But the IMC loop gain changes sometimes with alignment, so I don't know if its a loop instability or if its laser noise. However, I think we have observed PCDRIVE to go up without IMC power dropping so my guess is that it was true laser noise.

This works since the IMC is much more sensitive than PMC. Perhaps one way to diagnose would be to lock IMC at a low UGF without any boosts. Then the UGF would be far away from that noise making frequency. However, the PCDRIVE also wouldn't have much activity.

  15570   Tue Sep 15 10:57:30 2020 gautamUpdatePSLPMC re-locked, RGA re-enabled

The PMC has been unlocked since September 11 sometime (summary pages are flaky again). I re-locked it just now. I didn't mess with the HEPA settings for now as I'm not using the IFO at the moment, so everything should be running in the configuration reported here. The particulate count numbers (both 0.3um and 0.5um) reported is ~x5-8 of what was reported on Thursday, September 10, after the HEPA filters were turned on. We don't have logging of this information in any automated way so it's hard to correlate things with the conditions in Pasadena. We also don't have a working gauge of the pressure of the vacuum envelope.

The RGA scanning was NOT enabled for whatever reason after the vacuum work. I re-enabled it, and opened VM1 to expose the RGA to the main volume. The unit may still be warming up but this initial scan doesn't look completely crazy compared to the reference trace which is supposedly from a normal time based on my elog scanning (the timestamp is inherited from the c0rga machine whose clock is a bit off).

Update 1500: I checked the particle count on the PSL table and it barely registers on the unit (between 0-20 between multiple trials) so I don't know if we need a better particle coutner or if there is negligible danger of damage to optics due to particulate matter.

  15592   Mon Sep 21 16:40:52 2020 gautamUpdatePSLHEPAs are no longer running

The HEPA filters on the PSL enclosure are no longer running. I tried cycling the power switch on the NW corner of the enclosure, and also turned the dial on the Variac down to zero and back up to maximum, no effect.

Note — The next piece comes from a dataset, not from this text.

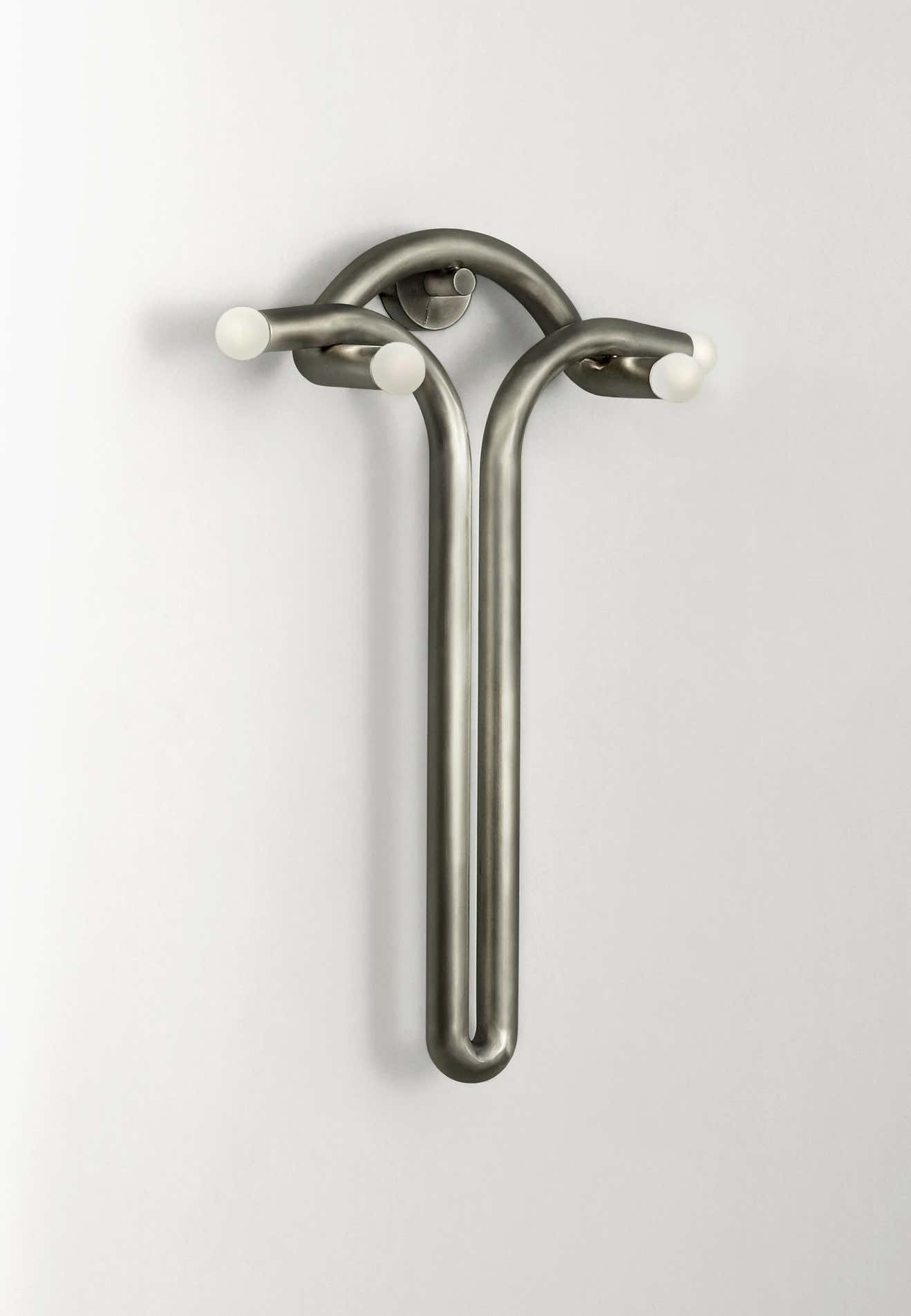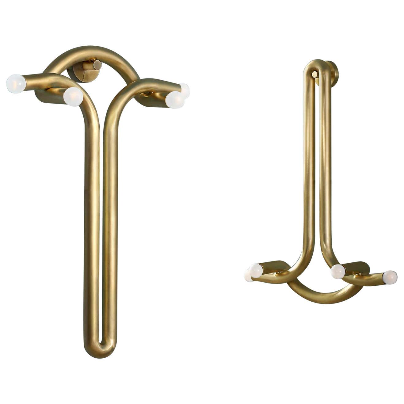The pair of Sconce explore the relationship between two interlocked forms in perfect union and balance. A study of form and function that evokes the grace and strength of the contributor where one form simply rests on the other, implying structural weight-bearing quality. The electricity seamlessly flows within.

Judging by the indicator LED on it, the power is making it to the Variac - bypassing the Variac and directly connecting the HEPA to the AC power seems to have no effect either.

I can't be sure, but I'm almost certain I heard them running at max speed an hour ago while I was walking around inside the VEA. Probably any damage that can happen has already been done, but I dialled down the Innolight injection current, and closed its shutter till the issue can be resolved.

  15662   Fri Nov 6 14:08:44 2020 gautamUpdatePSLPMC re-locked

The PMC servo railed and so I re-locked it at ~half range. I've been noticing that the diurnal drift of the PZT control voltage has been larger than usual - not sure if it's entirely correlated with temperature on the PSL table. Anyway the cavity is locked again so all is good.

  16016   Mon Apr 12 08:32:54 2021 Anchal, PacoSummaryPSLPMC unlocked at 2pm on Sunday; ~ Restored

PMC lost lock between 21:00 and 22:00 UTC on April 11th as seen in the summary pages:


That's between 2pm and 3pm on Sunday for us. We're not sure what caused it. We will attempt to lock it back.

Mon Apr 12 08:45:53 2021: we used milind's python script in scripts/PSL/PMC/pmc_autolocker.py. It locked the PMC in about a minute and then IMC catched lock succefully.

However, the PMC transmission PD shows voltage level of about 0.7V. On medm, it is set to turn red below 0.7 and yellow above. In Summary pages in the past, it seems like this value has typically been around 0.74V. Simil;arly, the reflection RFPD DC voltage is around 0.063 V right now while it is supposed to be around 0.04 nominally So the lock is not so healthy.

We tried running this script and the bashscript version too (scripts/PSL/PMC/PMCAutolocker) a couple of times but it was unable to acquire lock.

Then we manually tried to acquire lock by varying the C1:PSL-PMC_RAMP (with gain set to -10 dB) and resetting PZT position by toggling Blank. After a few attempts, we were able to find the lock with transmission PD value around 0.73V and reflection RFPD value around 0.043. PZT control voltage was 30V and shown in red in medm to begin with. So we adjusted the output ramp again to let it come to above 50V (or maybe it just drifted to that value by itself as we could se some slow drift too). At Mon Apr 12 09:50:12 2021 , the PZT voltage was around 58V and shown in green.

We assume this is a good enough point for PMC lock and move on.

  16019   Mon Apr 12 18:34:26 2021 YehonathanSummaryPSLPMC unlocked at 2pm on Sunday; ~ Restored

PMC lost lock again at around 16:00 April 12. I was able to lock it again but the transmission is only 0.6 now and REFL is 0.14.

Rana came in and realigned the PMC stirring mirrors. Now the transmission is 0.757V, and the REFL is 0.03V.

I noticed that the PZT was around 250V. Given that the PMC got unlocked at 16:00, which is around the peak temperature time in the lab (lagging behind the outside weather), due to the PZT voltage going down to 0V, I figured that the PZT voltage would go up during the night when the lab gets cold and therefore will likely go out of range again.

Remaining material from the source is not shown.